= Brady Boyd =

American evangelist (born 1967)

Brady Boyd (born January 11, 1967) is an American Evangelical who served as senior pastor of New Life Church in Colorado Springs, Colorado, from 2007 to 2025. He resigned following the allegation that he helped cover up the sexual abuse of a child by fellow megachurch pastor Robert Morris.

== Biography ==
Boyd graduated from Simsboro High School in 1985 and graduated from Louisiana Tech University in 1989 with a degree in journalism. He has worked as a high school English teacher, basketball coach and sports broadcaster.

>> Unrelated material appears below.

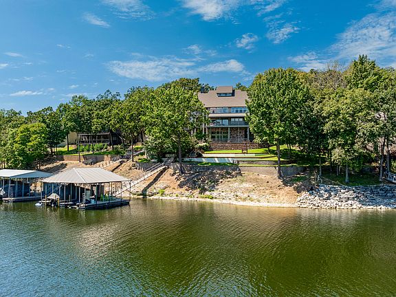 This stunning Grand Lake waterfront home in the exclusive Southpoint Estates offers luxurious lake living at its finest! Move-in ready, this spacious 5-bedroom residence comes fully furnished and includes a 2-slip boat dock, a 29' Monterey Super Sport boat, and 4 Sea-doos. Enjoy 156' of lakefront, deep water access, and breathtaking views from nearly every room. The open concept lower level features a huge family room with media area, wet bar, and game tables, while the main level boasts a spacious living room, wall of windows, fireplace, and gorgeous wood floors. You will love entertaining in this gourmet kitchen with large island with beautiful granite countertops. Each of the 5 bedrooms has a private bath and access to deck or balconey. Located in a private, gated community. Other special features include, Covered 2 slip Boat Dock 36'x36', slips are 12'x32', Boat is 2005 Monterey 296SS Super sport, 4 2005 Sea-doos, lifts & Port. Irrigation pump on the dock, raw water for yard irregation.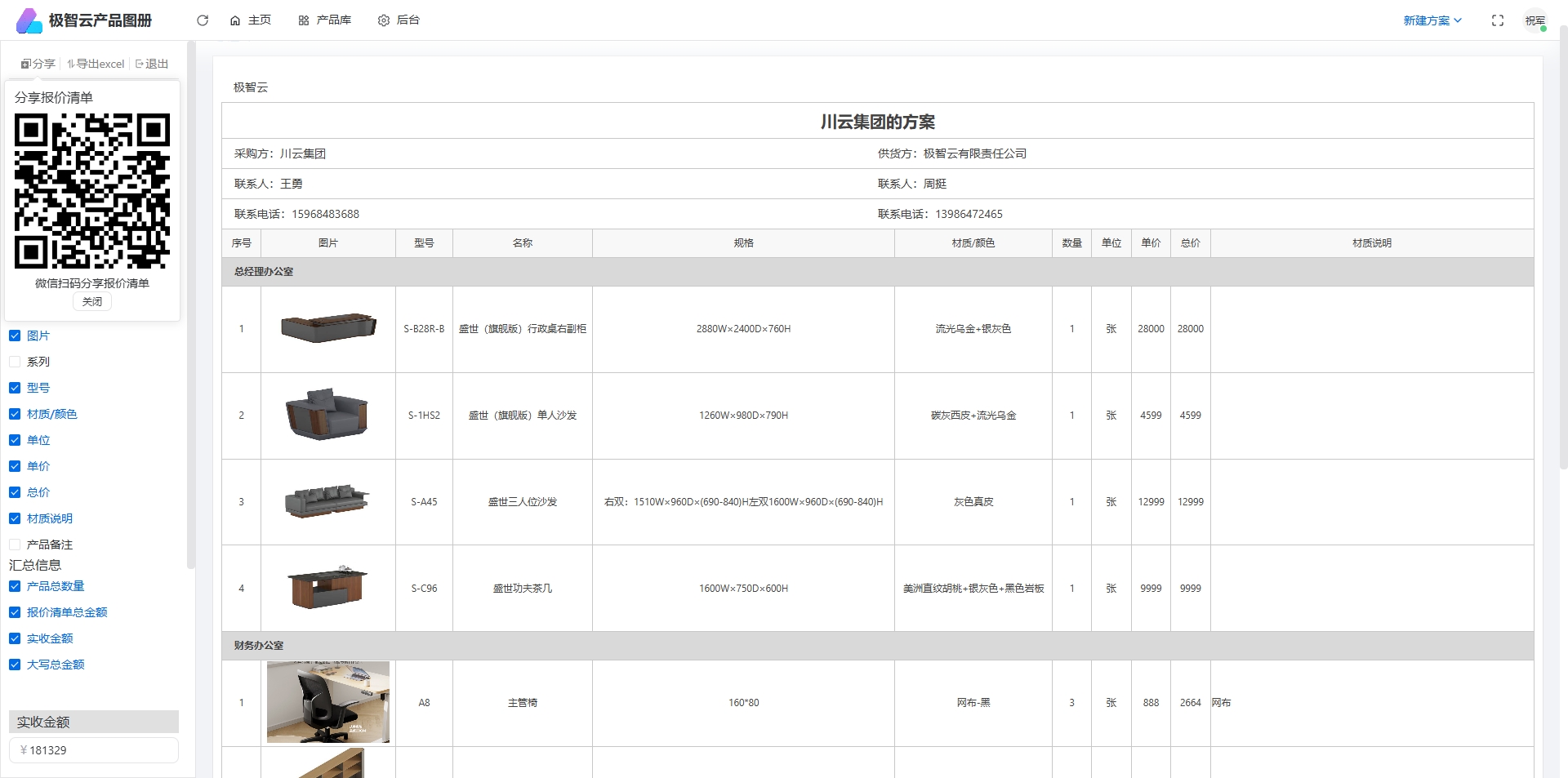 快速制作报价方案,一键生成报价清单,赋能企业产品销售。

He was a lay leader at Trinity Fellowship in Amarillo, Texas from 1997 to 1998 and the senior pastor of Trinity Fellowship Church in Hereford, Texas from 1998 to 2001. In March 2001, he became associate senior pastor at Gateway Church in Southlake, Texas. He became the senior pastor of New Life Church in August 2007, after the resignation of Ted Haggard.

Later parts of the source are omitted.